For people with early-stage bladder cancer, an immunotherapy called BCG has been the standard treatment for more than 30 years. It was approved by the FDA in 1990 — it was, in fact, the first ever cancer immunotherapy to be approved — yet scientists still don’t fully understand why the treatment works.
A new study published July 17 in the journal Proceedings of the National Academy of Sciences (PNAS) by researchers at Memorial Sloan Kettering clarifies BCG’s mechanism of action. In the process, it overturns some long-standing dogma.
“BCG therapy is arguably one of the most successful immunotherapies for cancer,” says physician-scientist Michael Glickman, Director of the newly created Center for Experimental Immuno-Oncology (EIO) at MSK. “But we need to understand how it works if we’re going to make the most of this and other forms of immunotherapy.”
BCG (which stands for bacille Calmette-Guérin) is a weakened strain of the bacterium Mycobacterium bovis, originally developed as a vaccine against tuberculosis. It is injected directly into the bladder wall of patients with bladder cancer that does not involve the bladder muscles. The bacteria infect some of the cancer cells, and the person’s immune system is stimulated to find and kill both infected and uninfected cancer cells.
The standard explanation for how BCG works is that the immune system learns to recognize distinguishing bits of protein, called antigens, found on the bacterium. This is similar to how familiar vaccines against infectious diseases work. But the MSK researchers found that immune cells that recognize BCG antigens are not responsible for the therapy’s effect against cancer. Rather, it’s immune cells that recognize antigens on tumor cells that make the difference.
The researchers made their discoveries in mice with bladder cancer. They showed that administering BCG to the mice resulted in increased numbers of immune cells called T cells in the tumor. Immunity to this cancer could be transferred from one mouse to another by transferring these T cells — but only if the first mouse had cancer. T cells from mice without cancer that received BCG treatment gave no cancer immunity to the other mouse. This result shows that the immune system is responding to antigens that are specific to tumors, rather than antigens that are specific to BCG.
What’s Old Is New Again
Bacterial therapies for cancer are not new. They go back more than a hundred years to William Coley, whose eponymously named “toxins” were some of the first cancer immunotherapies ever developed. Dr. Coley was a surgeon at Memorial Hospital (then called the New York Cancer Hospital) who noticed that people with cancer who got severe infections sometimes saw their cancers regress. He began administering a vaccine of heat-killed bacteria to patients in the hopes of spurring their immune systems to attack cancer. Dr. Coley had some success with his approach, but the results proved unpredictable and hard to replicate, so his toxins eventually faded from use.
Inspired by Dr. Coley’s work, scientists at MSK continued to research immune-based treatments for cancer. This sustained research effort eventually led to the development of modern forms of immunotherapy, including immune checkpoint inhibitors. These drugs “take the brakes off” T cells and allow them to find and fight cancer cells that display unique neoantigens (those produced as cancers divide and mutate).
“We show that BCG is similar to checkpoint inhibitors in that it works by eliciting an immune response against cancer neoantigens,” says Gil Redelman-Sidi, a physician-scientist who collaborates with Dr.

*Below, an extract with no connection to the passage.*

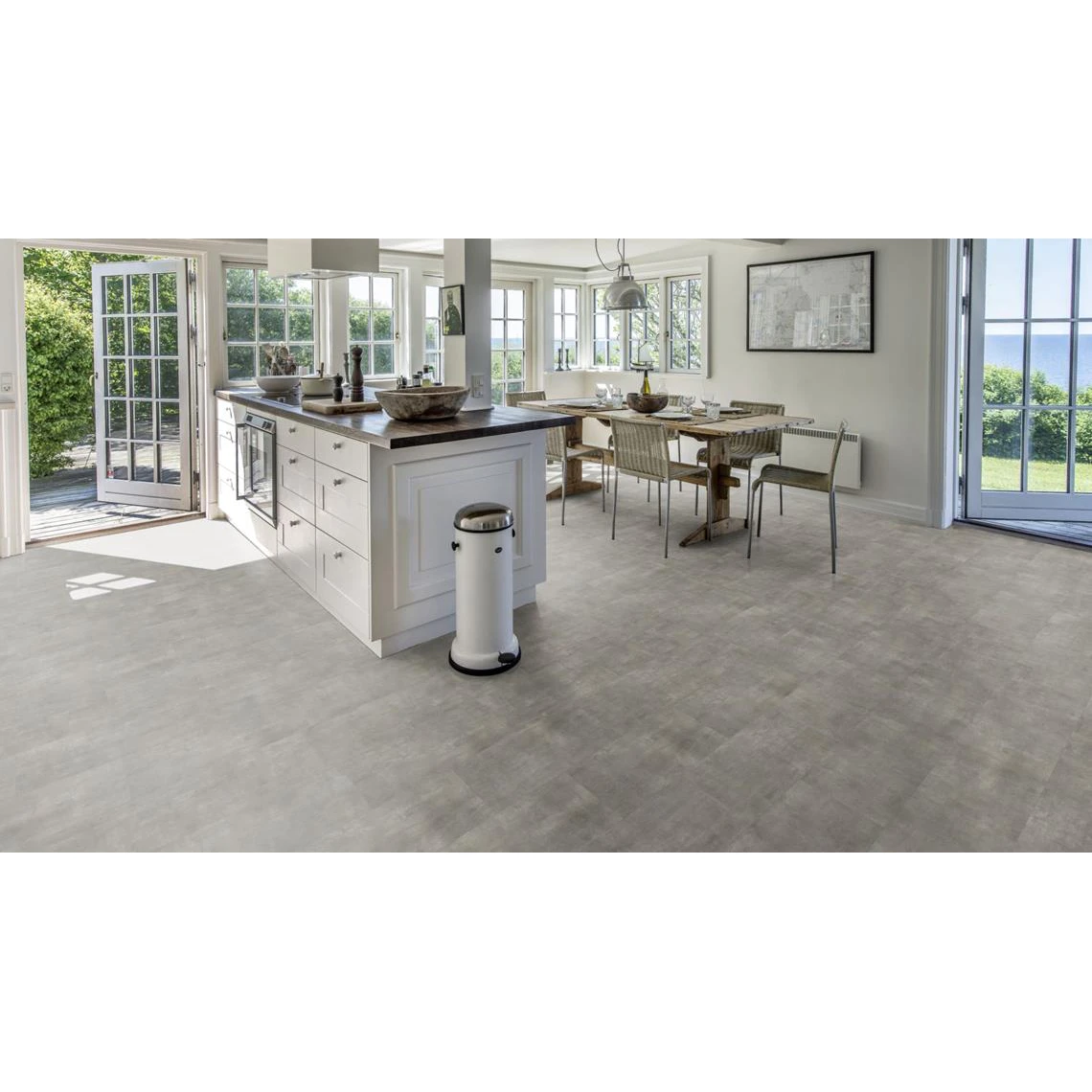 - Aspectul acestei pardoseli nu va deveni repetitiv și monoton în spații mari? Colecția Matterhorn include variații subtile de textură și nuanțare care simulează variabilitatea naturală a pietrei. Tehnologia de imprimare digitală Kahrs asigură că modelele se repetă doar la distanțe mari, creând un aspect natural chiar și pe suprafețe extinse.

Glickman and is the co-corresponding author on the PNAS paper. “These results bring BCG into the modern world of immunology.”
There are some unique aspects of BCG’s mechanism, too. Unlike checkpoint inhibitors, which seem to rely on a type of T cell called CD8 cells, BCG relies on CD4 cells to eliminate the tumor. The CD4 cells produce a molecule called interferon gamma, which binds to a receptor on tumor cells and kills them. It’s not quite understood how this killing happens, but graduate student Anthony Antonelli, the paper’s first author, is working on this problem now.

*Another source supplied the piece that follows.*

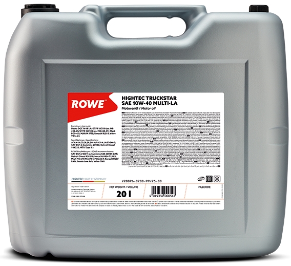 Rowe Hightec Truckstar SAE 10W-40 Multi-LA — моторна олива нового покоління для дизельних двигунів із надвисокими навантаженнями (SHPD) зі зниженим вмістом сірки, фосфору та сульфатної золи (Low SAPS), виготовлена на основі сучасних присадок і HC-Synthese базових масел. Спеціально розроблена для сучасних дизельних двигунів із системами нейтралізації відпрацьованих газів у вантажних автомобілях, автобусах і спецтехніці.

BCG treatment does not work for everyone, despite its reliable successes. Dr. Glickman thinks that this new understanding of BCG’s mechanism may help scientists develop biomarkers that could indicate who is likely to benefit from the treatment. “So, for example, if you have CD4 T cells or interferon gamma in your urine or blood, that might identify you as someone who is destined to respond to BCG,” he says.

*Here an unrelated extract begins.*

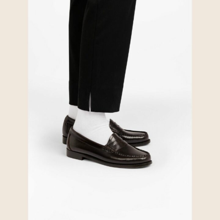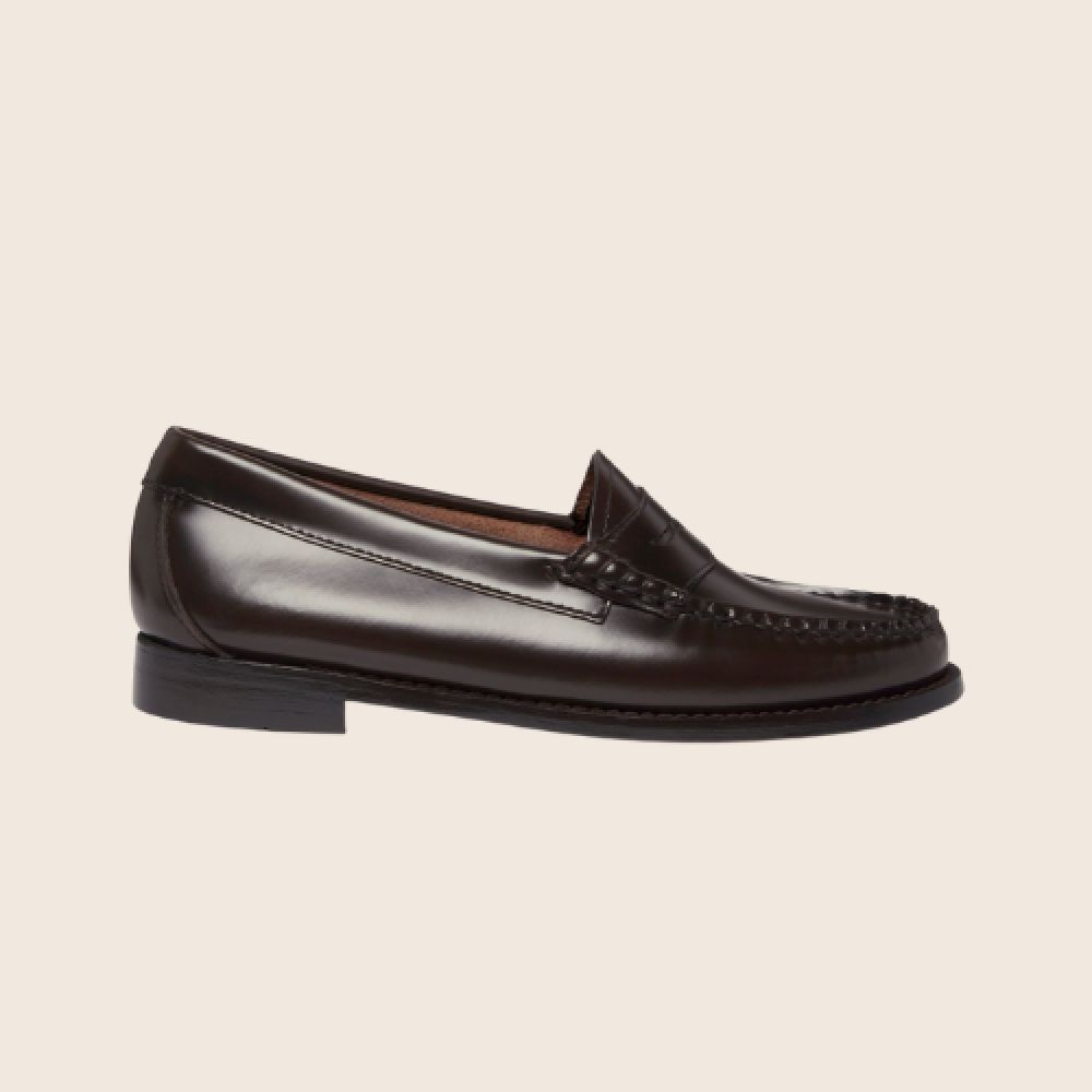 Mocassin féminin au design classique, fabriqué à la main dans un cuir poli brun chocolat d’exception.

Extending these mouse findings to humans will be one of the main goals of the Center for Experimental Immuno-Oncology. As a part of this effort, the EIO Center will create a cell bank of immune cells prepared from human tumors. “MSK has a lot of human tumor samples, but what we don’t have is a collection of immune cells from tumors treated with different therapies,” Dr. Glickman says. “This bank will be a valuable asset for researchers who want to extend their laboratory findings to people with cancer.”